The third quarter report of 2020 shows that Zijin Mining’s asset-liability ratio is 59.54%, and the book’s long-term interest-bearing debt and short-term interest-bearing debt are 39.854 billion yuan and 26.156 billion yuan, respectively. Current liabilities account for 47.19% of the total liabilities, while the book currency funds are only 7.501 billion yuan. Compared with the current ratio of more than 1.5 times and the quick ratio of more than 1.0 of the top three international mining companies, the current ratio of Zijin Mining is only 0.72 times, and the quick ratio is only 0.33 times. It can be seen that the company is under great short-term debt repayment pressure. Relieving funding pressure is currently the most important problem.

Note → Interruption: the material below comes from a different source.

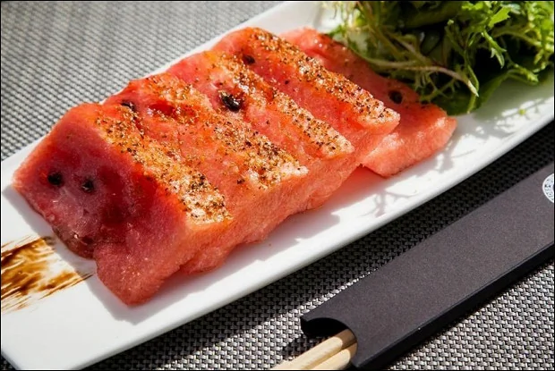 ШАГ 3 Холодный арбуз нарезать на ломтики, высыпать на ломтики карамель тонким слоем (1-2 мм). Опалить горелкой до появления небольшой корочки светло-коричневого цвета (5-10 секунд). Выложить на тарелку салатные листья и ломтики опаленного арбуза с карамелью.

In order to ease the financial pressure, Zijin Mining issued 6 billion yuan of convertible bonds in October 2020, and another 2 billion yuan of medium-term notes in November. Continuous blood transfusion has become the main way for Zijin Mining to repay debts, but the essential way to solve the problem is to improve the company’s own hematopoietic capacity to increase liquidity.
Under the premise of limited and declining global resources, Zijin Mining’s future strategy is to “increase geological exploration and at the same time acquire medium and large gold and copper production mining companies to increase the reserves and output of major mineral resources” to achieve this A strategic development goal means that a large amount of cash flow is needed behind it. In August 2020, Zijin Mining increased its leverage ratio due to capital expenditures on acquisitions and construction. Fitch rated Zijin Mining’s long-term issuer default rating and senior unsecured rating. Adjust from “BBB-” to “BB+”.
Judging from Zijin Mining’s financial data, the revenue scale of 136 billion yuan in 2019 is 49% of Rio Tinto’s and 56% of Vale’s. It can be seen that there is still some gap with the giants.
Zijin Mining’s net profit margin is only 4.44%. Compared with the world’s leading mining companies, BHP Billiton, Rio Tinto, and Vale’s 15%-23% net profit margin, there is still a considerable gap, and the net profit margin is the most substantial. It reflects that sales revenue can finally return to an important indicator for the company to form net profit and operating cash flow for business development.
From the perspective of operating costs, the company has been striving to achieve “low-cost investment and operational control capabilities” to reduce costs, but the results were minimal. The changes in the company’s three fees did not substantially change the total cost, and the three fees only accounted for 3% of the total operating cost, which is also a characteristic of the domestic non-ferrous metal mine exploration and mining industry. Want to really reduce operating costs, increase net profit margins, and improve company management capabilities is just one of them. The breakthrough point is technology.
On the one hand, borrowing the new to repay the old, on the other hand, it requires continuous expansion of cash flow. Zijin Mining has a long way to go in the future to resolve capital pressure and mitigate liquidity risks.